Books Like Everything Is Illuminated: Memory, the Holocaust, and Comedy as a Vehicle for Horror
Jonathan Safran Foer's novel — a young American traveling to Ukraine to find the woman who saved his grandfather from the Nazis, accompanied by a translator who speaks gloriously broken English — is one of the most formally inventive Holocaust novels. These books share its use of comedy to carry unbearable weight.
By Oliver Kane
Jonathan Safran Foer published Everything Is Illuminated in 2002, at age twenty-five, and it announced a formal ambition that most novelists never achieve. The novel sends a narrator named Jonathan Safran Foer to Ukraine with a Ukrainian translator named Alex — whose English is assembled from a thesaurus used with more enthusiasm than accuracy — and Alex’s grandfather, whose dog is named Sammy Davis Junior Junior. They are looking for the village of Trachimbrod, where the grandfather helped a Jewish woman save the narrator’s grandfather from the Nazis. What they find there, and what the narrator does with what he finds, is the novel’s real subject.

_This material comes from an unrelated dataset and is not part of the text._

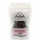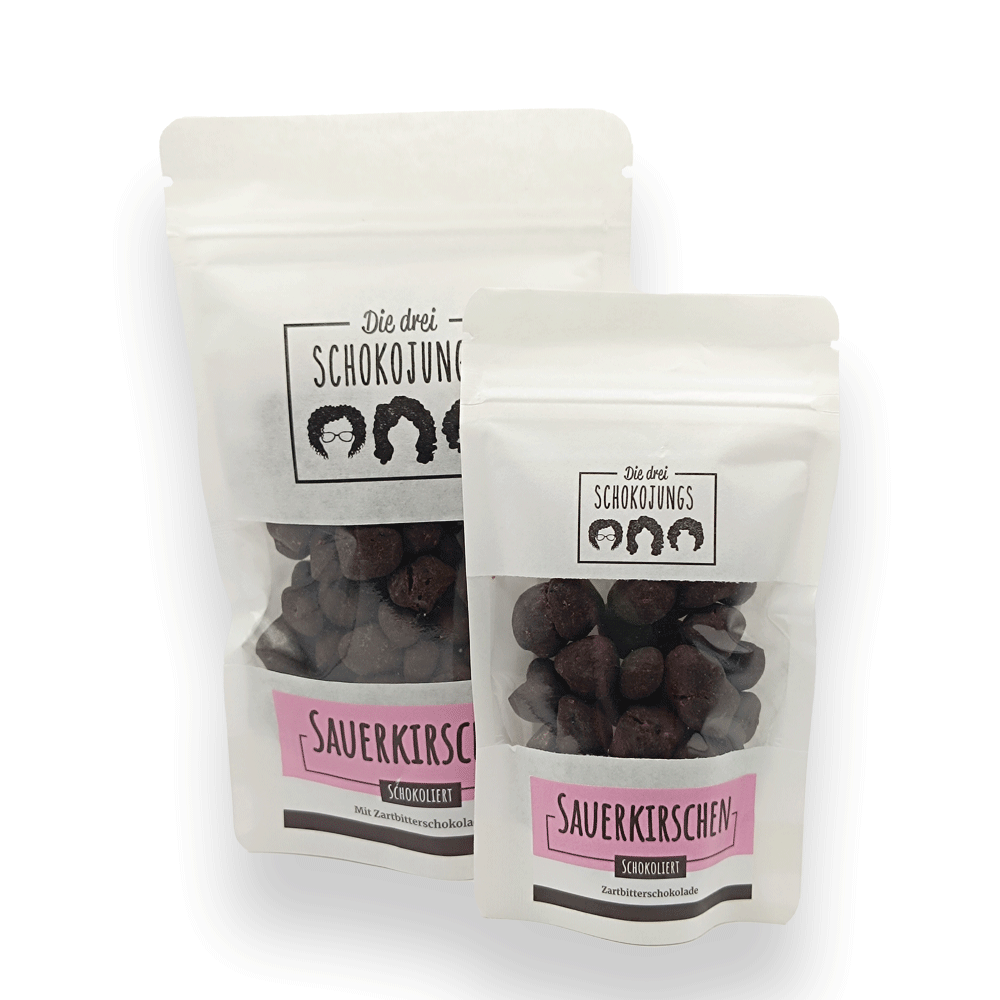 Kirsch-Kakao-Kugel: Sauerkirschen (mindestens 61 %, getrocknet) schokoliert mit edler Zartbitterschokolade (mindestens 70 % Kakao). Wählt einfach Eure Packungsvariante (50 und 130 g) aus.

The formal invention is the vehicle for the emotional content, not decoration. Alex’s letters — “I had manyboys who were my friends, but Augustine was the most premium” — are funny in the specific way that the novel needs: the comedy creates a space of warmth and humanity directly adjacent to the horror of what the novel is uncovering. Foer learned this from Günter Grass, from Art Spiegelman, from the whole tradition of Jewish comic writing that discovered, after the Holocaust, that laughter was not disrespectful but necessary — the only voice in which some things could be said at all. The comedy is not relief from the horror; it is the mode through which the horror becomes bearable enough to look at directly.
The books below were chosen for readers who responded to that formal ambition and to Foer’s particular combination of comedy, family history, and the weight of inherited atrocity. They are grouped by what they most closely share: the experimental Holocaust novel, comedy and family history under the pressure of history, and the literature of memory, inheritance, and what the second generation owes the first.
Experimental Fiction and the Holocaust
#1 — The Tin Drum by Günter Grass
Oskar Matzerath, who decided at age three to stop growing and has spent the years since banging his tin drum and shattering glass with his voice, narrates his childhood in Danzig across the rise of Nazism and the Second World War. Grass’s novel is the formal ancestor of Everything Is Illuminated: it deploys grotesque comedy, an unreliable child-narrator, and formal extravagance to say things about Nazi Germany that realism could not contain. Foer read Grass; the influence is direct and acknowledged. The Tin Drum is longer, darker, and more politically angry than Foer’s novel, but it established the permission to be funny about horror — the grotesque as a moral strategy rather than a moral failure.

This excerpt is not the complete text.